What advice do you have for incoming students today?
Take advantage of every opportunity afforded to you. You have to take life by the horns and engage yourself in education. You must take it seriously in order to reach your fullest potential.
What was your favorite course at FAMU and why?
I actually remember two courses that were my favorite for different reasons. One course was my freshman experience class, which was very beneficial to me because it provided an opportunity to create a network with my peers and share the college experience of being a new student at Florida A&M University. The other course was my criminal justice research methods class that I took with professor Felicia Dix-Richardson, Ph.D. She was very competent and took her job seriously. Professor Dix-Richardson not only challenged me academically but mentally and philosophically as well. She also provided the guidance I needed to master the content of the course. In addition, she always inspired me and kept pushing me to do more than settling for what is required. She encouraged her students to get out in the field and immerse themselves by conducting research, as well as reading and learning more about the criminal justice and legal policies that are set in place.

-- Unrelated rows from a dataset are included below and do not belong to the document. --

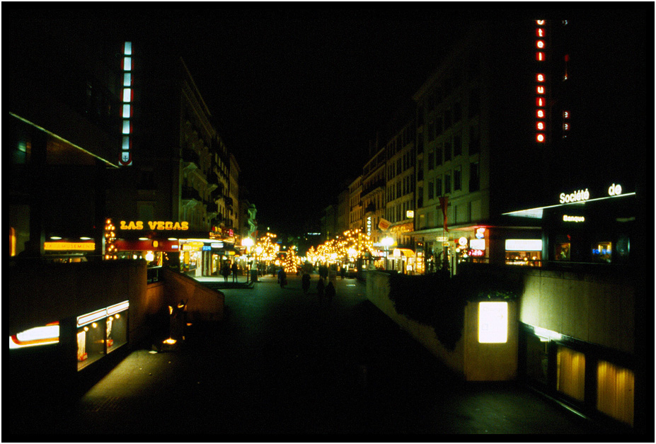 Night lights on the Rue du Mont Blanc, Geneva, Switzerland, 1991.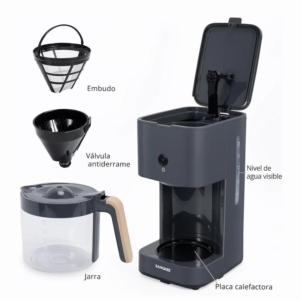 Con nuestra cafetera de goteo para 12 tazas, prepare una deliciosa taza de café en tan solo 3 a 5 minutos. El producto cuenta con un filtro para café reusable, una cuchara medidora, y una jarra con diseño de antigoteo, lo que garantiza el poder disfrutar de una experiencia de barista sin complicaciones. Solamente presione el botón de “on/off” y goce de sus mañanas libres de estrés y en compañía de una taza de café.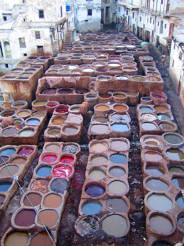 Sin embargo, el icono turístico más fotografiado de Fez no es otro que las tenerías, donde se tiñen las pieles que luego servirán para hacer ropa, zapatos u otros utensilios. Aún existen tres dentro de la ciudad, pero las más importantes y famosas son las de Chouaras Tanneries. Para llegar hasta allí, previamente se tiene que investigar dónde están o si no, aventurarse dentro de la medina y preguntar por ellas: seguro que alguien te acompañará. Una de las formas más fáciles para admirar ese paisaje multicolor es a través de algunas tiendas de pieles, que en los pisos superiores tienen vistas a las tenerías. Además, te explican su funcionamiento, siempre acompañado de un ramito de menta para hacer más soportable el fuerte hedor que sale de las picas, proveniente de las pieles frescas de animal puestas a macerar en orín y estiércol para dejarlas suaves.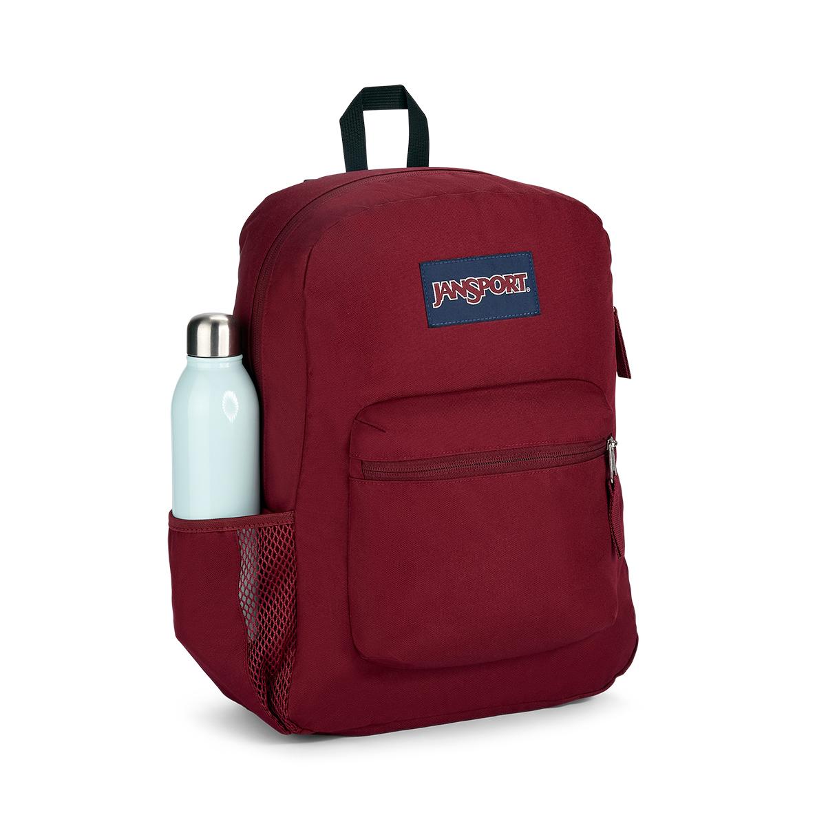 The JanSport Cross Town Backpack Pack is constructed with 600-denier PU coated polyester material. A School or Commuter pack designed to carry everything you need for the day. A large main compartment with an internal laptop sleeve. 1587 cu in / 26 L storage space. A Front utility pocket with organizer. Straight-cut shoulder straps and padded back panel help ensure comfortable carrying. Mesh side water bottle sleeve for your favorite water bottle.

What was your best memory of FAMU?
My best memory of FAMU is that it fostered a real sense of community and a great sense of pride of being a Rattler. The overall atmosphere on campus gave students a deep admiration for our people and engrained a mission to continue to pursue opportunities to make a change for our community as a whole.
What is your personal mission statement?
My mission is to work collaboratively with the school, community, and students to promote a safe learning environment for all while promoting citizenship and lifelong learning.